Okay, last thing. So this is really good, but it only works for, this only applies to files. A lot of what we need to store in the cache is metadata. So maybe blobs of data, right? Maybe we need to know what are all the available versions of this package. This does not apply to that.
So we use a slightly different trick for those cases, which is we use a technique called zero copy. And this will require the most Rust knowledge, but I’ll try to avoid it. The intuition here is, let’s say that you have a struct, This blob struct and it has a field, and it’s being stored as JSON.
So if you wanna deserialize this, you read the JSON file from disc into memory, and then you run a, basically you run a parser, and then you grab the contents and put them in the struct. The observation of zero copy though is, and I don’t know if anyone will know the difference between these two things. But when you’re trying to create the struct, you already read the JSON file into memory, right? So you already allocated memory to read that file into a string.
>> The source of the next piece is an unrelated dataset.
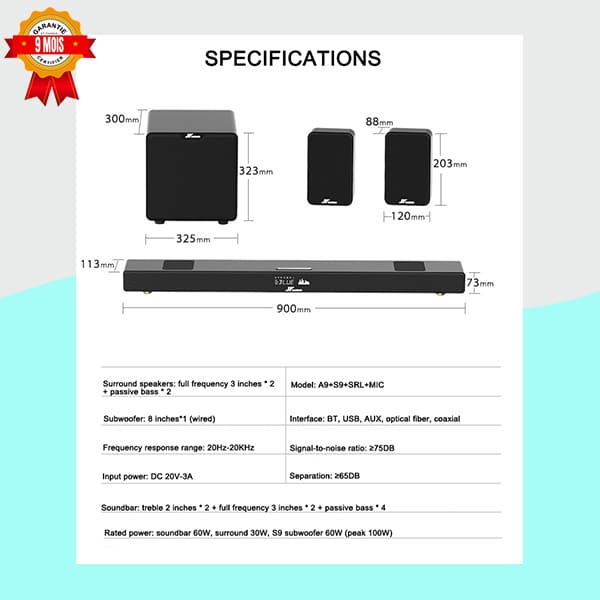 • Barre de Son Principale : Offre des dialogues clairs et des effets sonores précis. Elle est au cœur du système audio.

So you don’t actually need to allocate more memory to create that blob struct. The version on the left, that requires an allocation. So if we wanna go from the thing at the top to the thing at the bottom, we have to allocate once to read the contents into memory, and then allocate again to create the struct. Instead, we already know that the string is there verbatim in the contents. So ideally instead we could just create a pointer to it.
So we read the JSON into memory, we parse it, and then we ideally, this is sort of theoretical, right? We just create a pointer to it rather than reallocating memory to create everything. So this is what we do, but we do it sort of on steroids I guess.
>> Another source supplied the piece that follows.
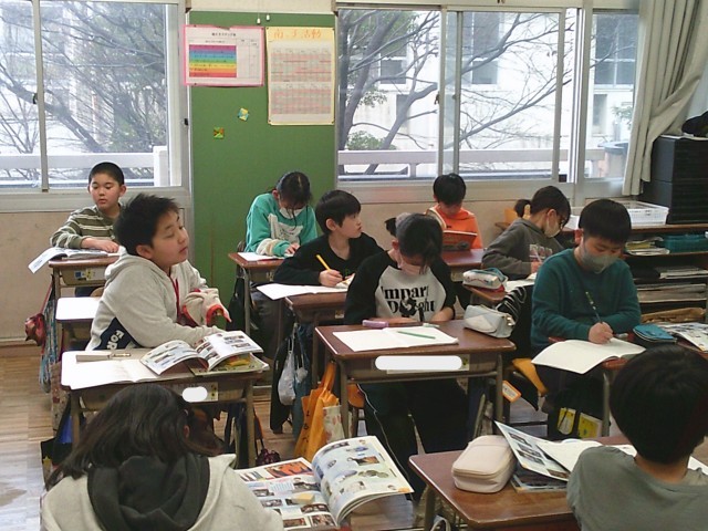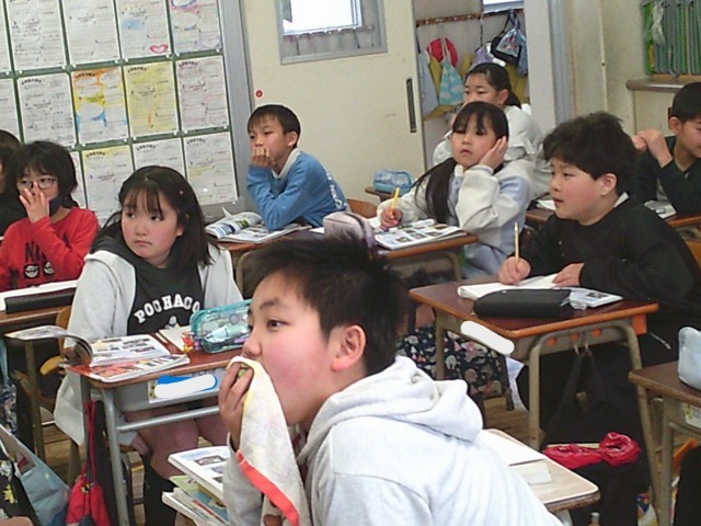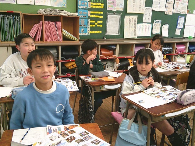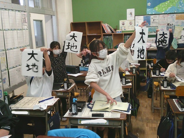 1組は、社会の授業でした。近隣の街、富士宮市について勉強していました。2組は、書写の時間でした。「大地」をみんな力強い字で書いていました。

The way it works is, we store the data on disc in effectively the same representation that it’ll have in memory. And when we read it back, we’re basically just doing a pointer cast to go from red data to fully realize structs. We use a library for this called Archive, which is very good. And there are some safety checks around this of course. I mean, it’s totally unsafe for us, but there are safety and validation checks you can do around this.
But the really cool thing about this is the deserialization does not scale with your data. So you have to read the contents from disc, and as you have more and more data, that file will be bigger and bigger and you have to read more and more. But going from the data that you read to the fully, the deserialized struct, that does not scale as the data gets larger.
Unlike with JSON, right? With JSON, you’d have to parse it, right? You would have to go through all these operations that would get slower and slower as the data got bigger. The really cool thing about, in my opinion at least, about zero copy to serialization is the deserialization does not scale with your data. So it doesn’t matter, really how big the struct is or how large that string is. It does matter for reading the data from disc, but it does not matter for deserializing it into memory.
Okay, that was the last thing I was gonna cover. I had a bunch of other things I wanna talk about, but I just put links to them and maybe I can share the slides. And I think that’s it.